From Bugzilla Helper: User-Agent: Mozilla/5.0 (X11; U; Linux i686; en-US; rv:1.7.6) Gecko/20050301 Firefox/1.0.1 Red Hat/1.0.1-1.4.3.centos4.1 Description of problem: I wrote small program which implements mkfile (from Solaris) using mmap system call. Just as Solaris mkfile, my program can either create sparse file, or it can fill the file with zeros (allocating actualy disk blocks). The later case is done from a loop using mmap system call followed by memset and munmap. If the file is on local file system, this works great. If it is on NFS mounted partition, data corruption occurs. In case of NFS, modified file blocks are not sent back to the NFS server (Solaris 9 host). They exist only in local machine's cache. The simplified code itslef looks something like bellow. Error checking and some other stuff removed. The mlen variable is initialized before hand to value that is multiple of memory page size as obtained by getpagesize() call (still experimenting to find optimal value for it, first idea was to set it to 2^30, but something tells me this might cause lot of swapping). fd = open64(argv[i], O_RDWR | O_CREAT | O_TRUNC | O_LARGEFILE, 0666); pwrite64(fd, "\0", 1, size - 1) offset = 0; while (offset < size) { len = (size_t) (size - offset >= mlen ? mlen : size - offset); buf = mmap(NULL, mlen, PROT_WRITE, MAP_SHARED, fd, offset)) == MAP_FAILED) memset(buf, 0, len); munmap(buf, mlen); offset = offset + len; } close(fd); If the target file is on NFS mounted partition, after running the program and doing "du -sk" on the file, it reports that file is almost empty (basically, sparse file was created). To prove the point, I changed memset line to read memset(buf, '.', len), and than created 100kB file. If I do "less filename" on NFS client, it shows file full of dots. If I do the same on NFS server, it shows file full of nulls. This doesn't seem to be synchronization issue. No matter how long I wait, file blocks are not commited to NFS server. Doing "sync" on client doesn't help either. Version-Release number of selected component (if applicable): kernel-2.6.9-5.0.3.EL How reproducible: Always Steps to Reproduce: 1. create and mmap sparse file on NFS mounted partition 2. change data in mmaped region (that was sparse) 3. unmmap and close the file 4. changes are not comminted to NFS server Additional info:
Steve, this is probably a NOTABUG, but it would be nice if you could verify that ;)
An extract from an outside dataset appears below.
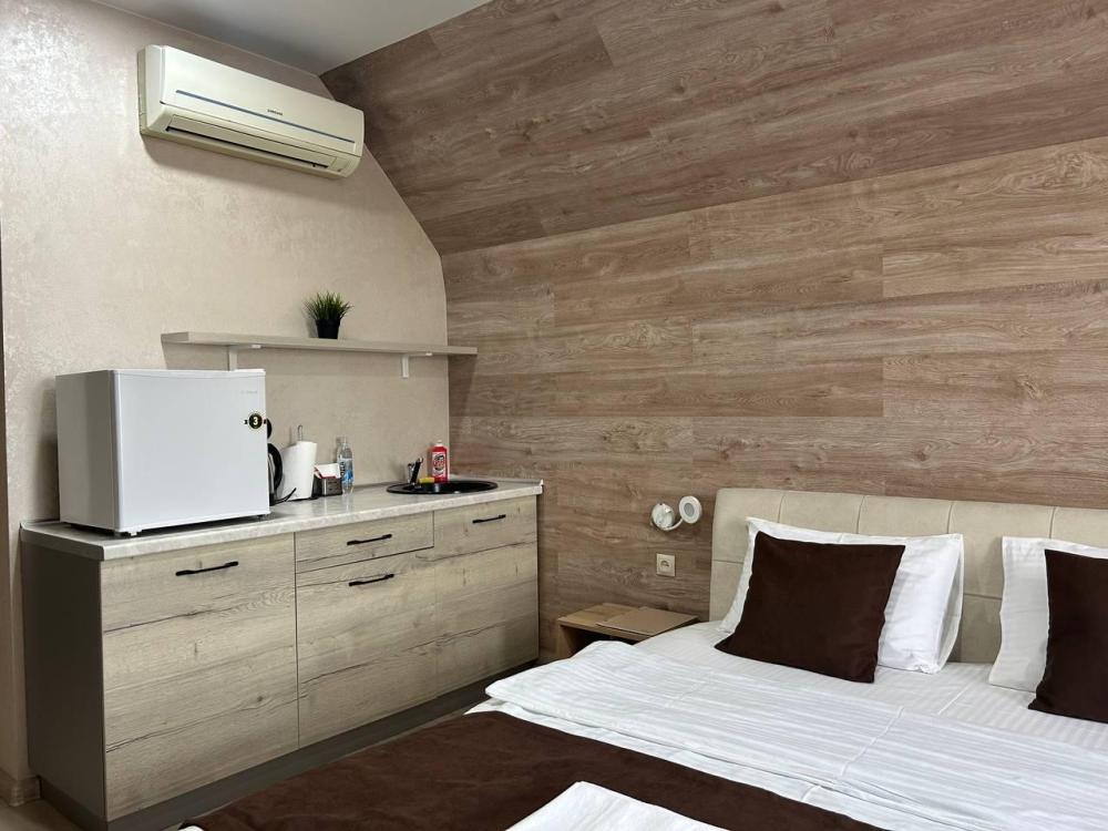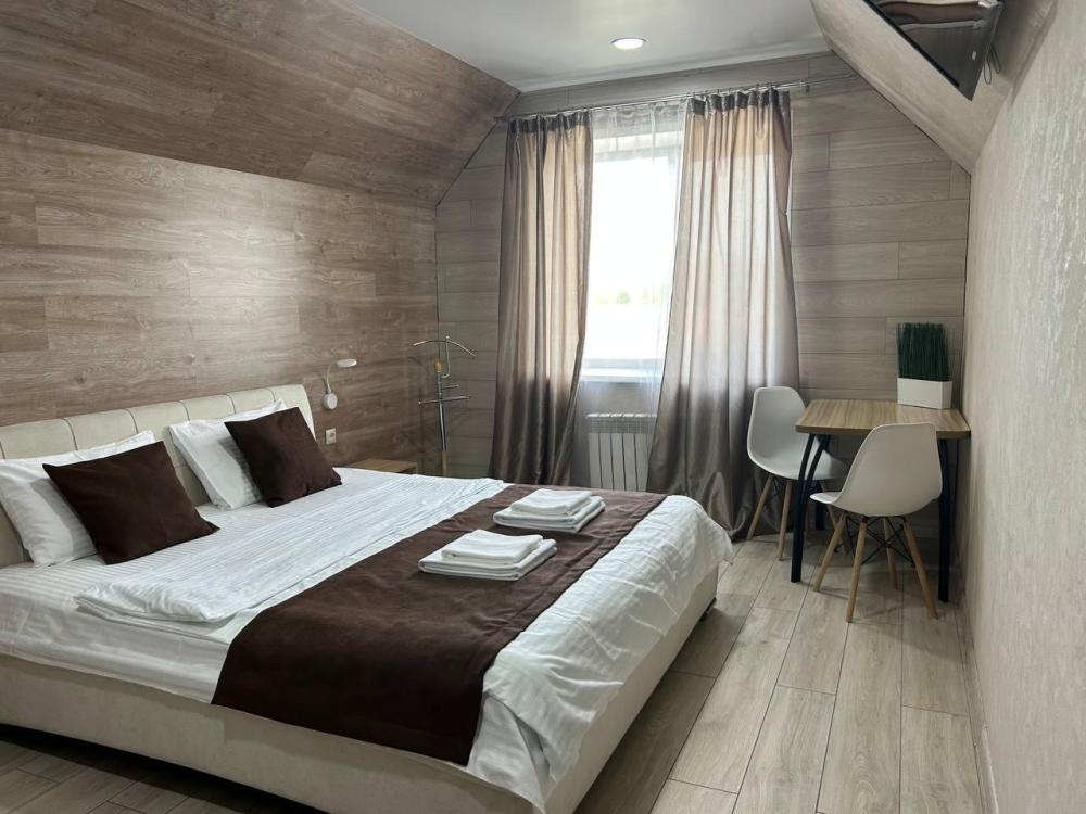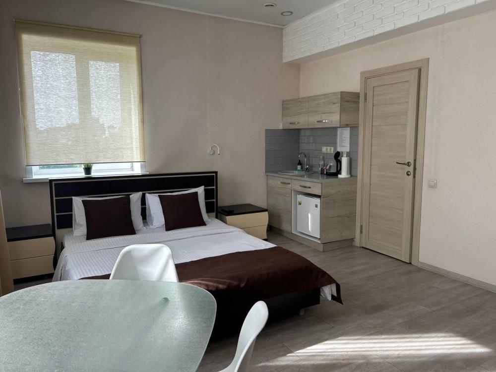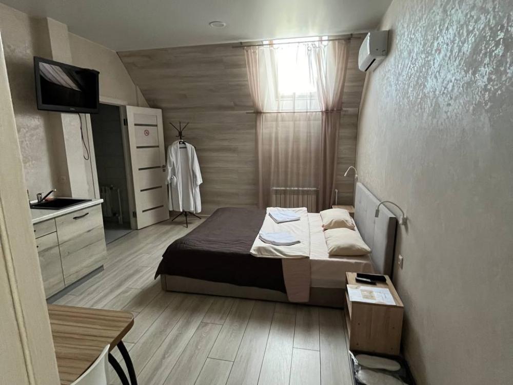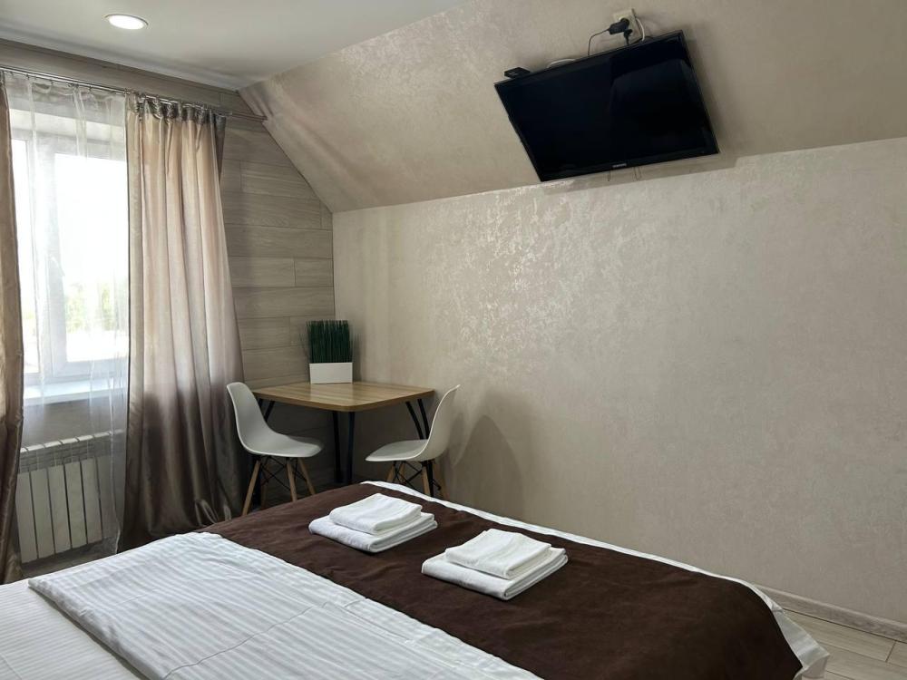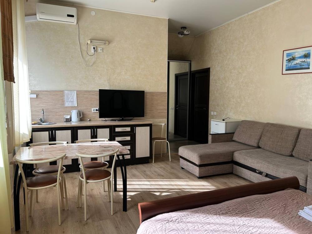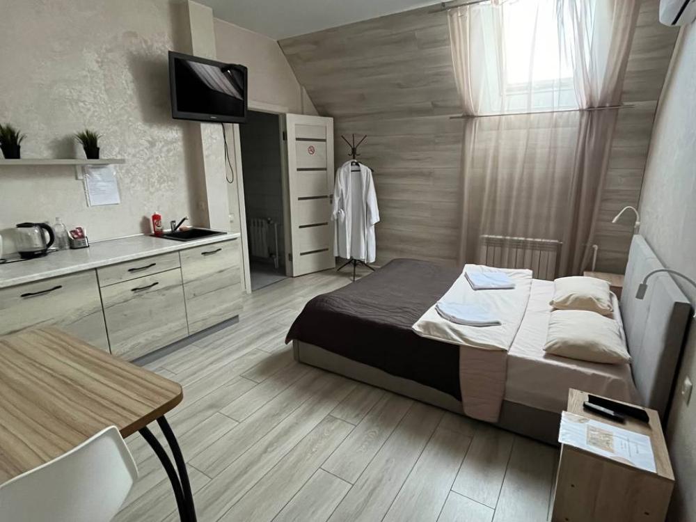 Улучшенный номер с собственной ванной комнатой и санузлом. В номере есть кухонная зона, посуда, телевизор, обеденный стол, двуспальная кровать и прикроватные тумбочки. Также в стоимость номера входят полотенца, халаты, чай, кофе и вода.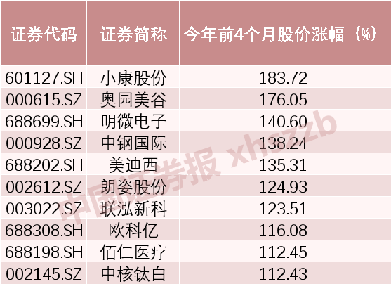 今年前4个月被券商调研个股涨幅前十

One addtional note. Depending on the size of file I'm creating, some blocks do make it to the NFS server. For example, if I create 100kB file, no blocks seems to be commited to the NFS server. If I create 100MB file, some blocks do make it to actual disk storage ("du -sk filename" shows that file uses 11MB of disk space, so I'm still missing like 89MB). This is probably dependent on client machine's RAM size and how much of it is free for caching.
Thinking about it some more - the data should be written to the server some 30 seconds after the munmap. While the file is mmaped nothing needs to be written according to POSIX, but after the unmap the pages are marked dirty and the dirty file data flushing code should kick in. Aleksandar, does the data get written out to the server after a few minutes, or does it not get written at all ?
Well, I waited for almost half an hour, and it was not written to the server. "du -sk filename" on both client and server returns same numbers (as if the file is sparse). However, when reading the file on the client, I can see the data. I will reboot the client, and see if that will flush the data. Will report back in couple of minutes.
After the client was rebooted, all changes to the file were lost forever. BTW, off-topic, how come that bug report is not word-wrapped (like the comments)? Kind of almost impossible to read...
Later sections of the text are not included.